Adult ADHD often co-occurs with other conditions, including personality disorders, bipolar disorder, and obsessive-compulsive disorder (OCD).
Are there benefits to ADHD?
The brains of individuals with ADHD develop differently, and these differences can often bring certain advantages. People with ADHD may have exceptional abilities in specific areas, which can prove beneficial in daily life. Their creativity is particularly notable, as their unique cognitive style allows them to develop innovative and unconventional solutions. When they can effectively channel their hyperactivity, it often becomes a powerful drive that helps them achieve their goals. Another notable trait is their ability to hyperfocus—an intense concentration on tasks that interest them. During such periods, they can tune out distractions and dedicate their full attention to a task, often leading to high productivity. In addition, people with ADHD are often empathetic, supportive, and highly attuned to the needs of others. They can be excellent team players and are motivated to help those around them. Increasingly, companies and organisations are recognising the advantages of neurodivergent individuals, including those with ADHD. Many employers specifically seek out individuals with ADHD for roles that benefit from their unique cognitive strengths. [5]
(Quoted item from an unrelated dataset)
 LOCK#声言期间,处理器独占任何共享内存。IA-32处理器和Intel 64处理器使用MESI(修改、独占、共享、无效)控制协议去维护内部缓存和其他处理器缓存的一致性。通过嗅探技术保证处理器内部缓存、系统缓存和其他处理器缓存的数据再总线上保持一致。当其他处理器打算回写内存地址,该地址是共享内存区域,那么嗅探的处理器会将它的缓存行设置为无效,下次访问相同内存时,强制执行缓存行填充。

Figure 1. The brain of individuals with ADHD develops differently, and these differences are often associated with positive traits as well.
Diagnosis
To diagnose ADHD in children, symptoms must be present in at least two different environments (e.g., school and home) for a minimum of six months and must significantly interfere with everyday functioning. A qualified healthcare professional makes the diagnosis and determines the subtype of ADHD based on characteristic symptoms. The American Psychiatric Association’s Diagnostic and Statistical Manual of Mental Disorders, Fifth Revision (DSM-5-TR™) provides guidelines for diagnosis. According to the manual, a child must exhibit at least six symptoms of inattention or six symptoms of hyperactivity/impulsivity to be diagnosed with ADHD. Individuals with the combined type of ADHD exhibit both inattentive and hyperactive/impulsive behaviours. They must meet the criteria in both categories—at least six symptoms of inattention and six of hyperactivity/impulsivity—for a total of twelve symptoms. [4]
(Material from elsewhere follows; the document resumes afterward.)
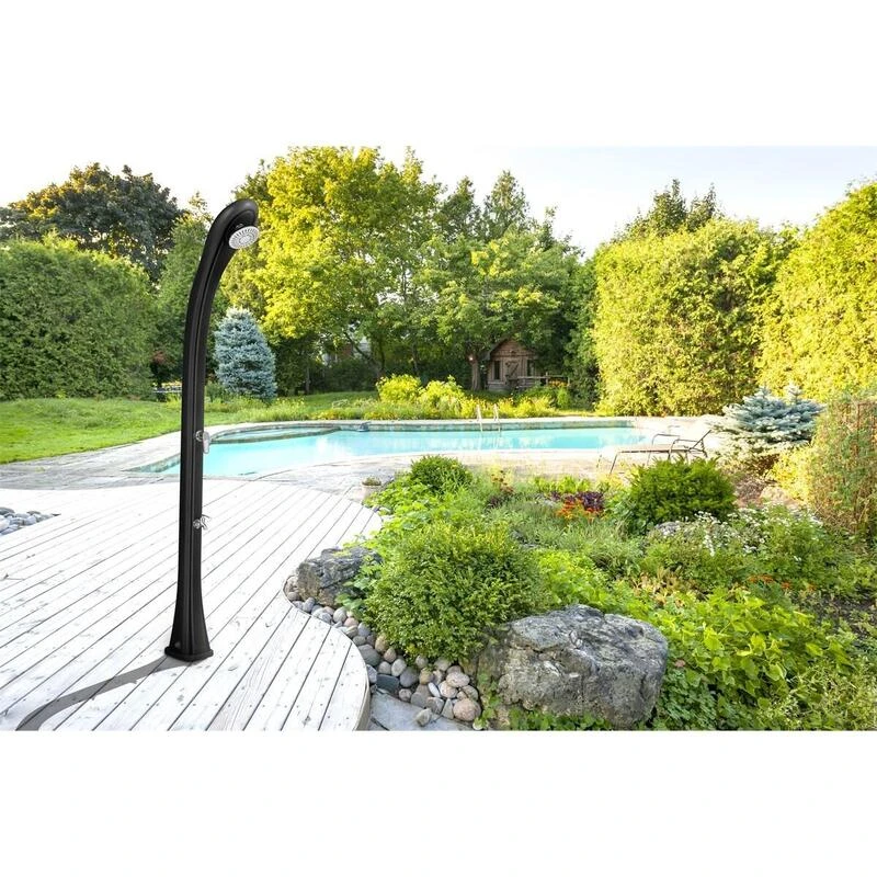 Douche Solaire So Happy 28L : Nouveau Design. Structure en PEHD recyclable, utilise l’énergie Solaire, Rince-pieds Inclus, Facile à Installer, Finitions et détails soignés.

What are the comorbidities of ADHD?
Gastrointestinal disorders and inflammation
The Gastrointestinal Severity Index is used to assess the severity of gastrointestinal symptoms on a 3-point scale, ranging from 0 (“none/normal”) to 2 (“severe/significant”). It evaluates six types of symptoms: constipation, diarrhoea, stool consistency, stool odour, bloating, and abdominal pain. On average, children with ADHD score higher overall—especially in constipation and bloating—compared to their healthy peers. However, these symptoms are not severe in most cases. A unique gut bacterial composition has also been identified, showing links to ADHD-specific behavioural patterns. It is hypothesised that immune dysregulation associated with ADHD is related to differences in microbiome composition, low-grade inflammation, and gastrointestinal abnormalities. Additionally, the higher prevalence of immunological conditions such as asthma and atopic dermatitis in children with ADHD supports the theory of immune dysregulation. [7]
Thyroid disorders
Children with ADHD are at increased risk for thyroid problems, particularly hypothyroidism. Many of them exhibit generalised thyroid hormone resistance, a condition associated with mutations in the thyroid receptor beta gene. This leads to reduced sensitivity of both peripheral tissues and the pituitary gland to thyroid hormones. [8] Abnormal thyroid function is more common in adults with ADHD than in those without the disorder. The precise causes behind the association remain unclear. Shared genetic factors or the effects of ADHD medication on the thyroid may contribute. For example, stimulant medications might influence thyroid hormone levels, potentially raising the risk of thyroid issues. [9]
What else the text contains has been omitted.